Una vez tomada su determinación, esperó la ocasión propicia. No tardó en presentarse. Fauchelevent murió.

Jean Valjean pidió audiencia a la reverenda priora y le comunicó que habiendo recibido a la muerte de su hermano una pequeña herencia que le permitía vivir en adelante sin trabajar, dejaba el servicio del convento y se llevaba a su hija; pero que como no era justo que Cosette, no pronunciando sus votos, hubiera sido educada gratuitamente, suplicaba con humildad a la reverenda priora que aceptara como ofrenda a la comunidad, como indemnización de los cinco años que Cosette había permanecido allí, una suma de cinco mil francos.

Así fue cómo Jean Valjean salió del convento de la Adoración Perpetua.

Al abandonar el convento, tomó él mismo bajo su brazo, sin confiársela a nadie, la pequeña maleta cuya llave llevaba siempre encima. Esta maletita intrigaba a Cosette, a causa del olor de embalsamamiento que de ella se desprendía.

Digamos enseguida que, en adelante, no abandonó nunca tal maleta. La tenía siempre en su habitación. Era la primera y, algunas veces, la única cosa que se llevaba cuando se mudaban. Cosette se reía de ello, y llamaba a aquella maleta la «inseparable», diciendo: «Estoy celosa de ella».

Jean Valjean, por lo demás, no se reintegró al mundo sin una profunda ansiedad.

Descubrió la casa de la calle Plumet y se escondió en ella. En adelante, adoptó el nombre de Ultime Fauchelevent.
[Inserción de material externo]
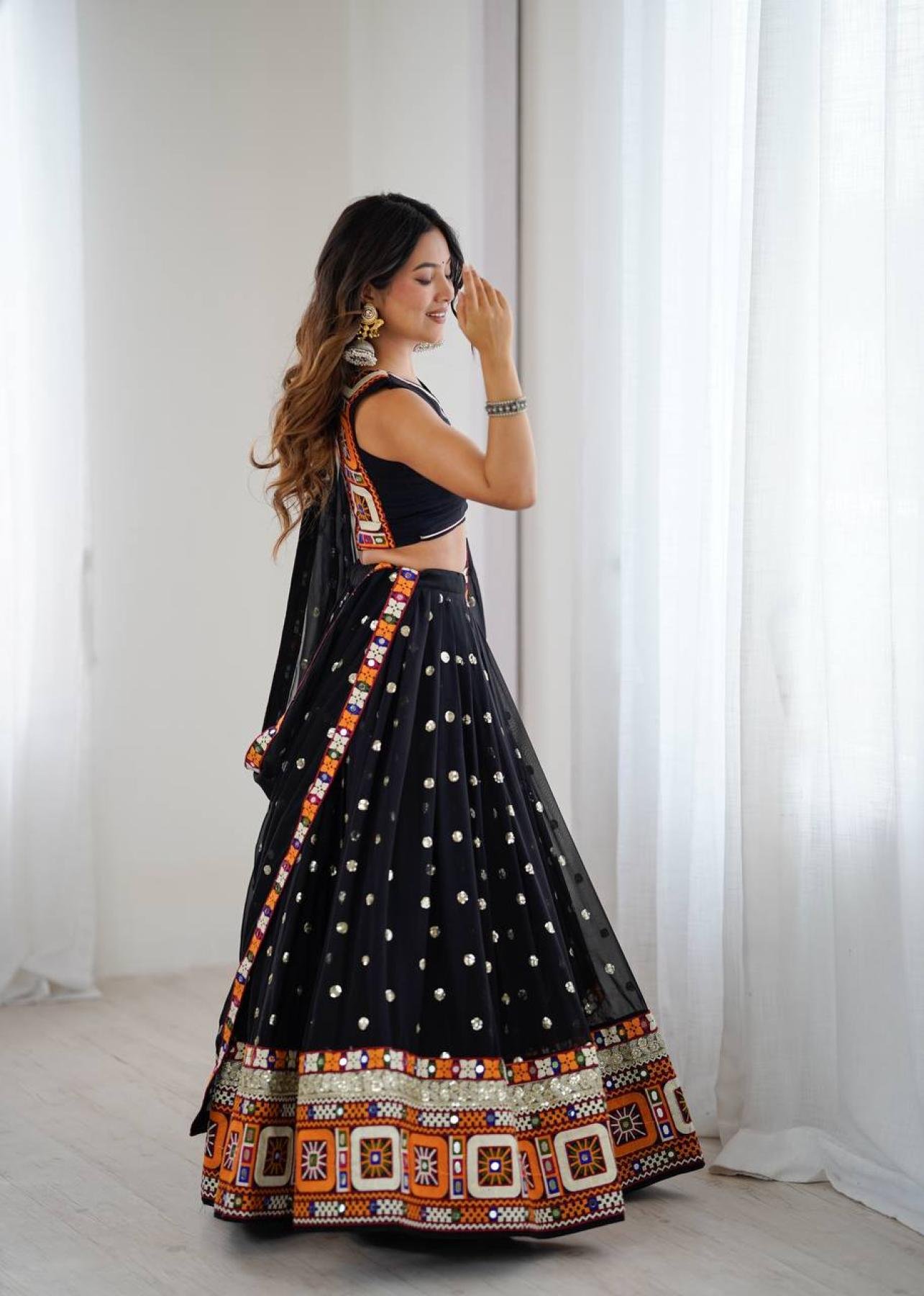 Black Faux Georgette Navratri Chaniya Choli with Mirror Sequence Work At Best Rates

Al mismo tiempo, alquiló otros dos apartamentos en París, con el fin de atraer menos la atención que si hubiera vivido siempre en el mismo barrio, de poder ausentarse si se sentía inquieto; y, en fin, de no encontrarse desprotegido, como la noche en que había escapado a Javert tan milagrosamente. Estos dos apartamentos eran dos alojamientos muy mezquinos y de pobre apariencia, en dos barrios muy alejados uno de otro, el primero en la calle Ouest, y el otro en la calle L'Homme-Armé.

De vez en cuando iba a la calle L'Homme-Armé y en ocasiones a la calle Ouest a pasar un mes o seis semanas con Cosette, sin llevarse a Toussaint. Se hacía servir por los porteros y se hacía pasar por rentista de los alrededores, teniendo un apeadero en la ciudad. Tenía tres domicilios en París, con objeto de escapar a la policía.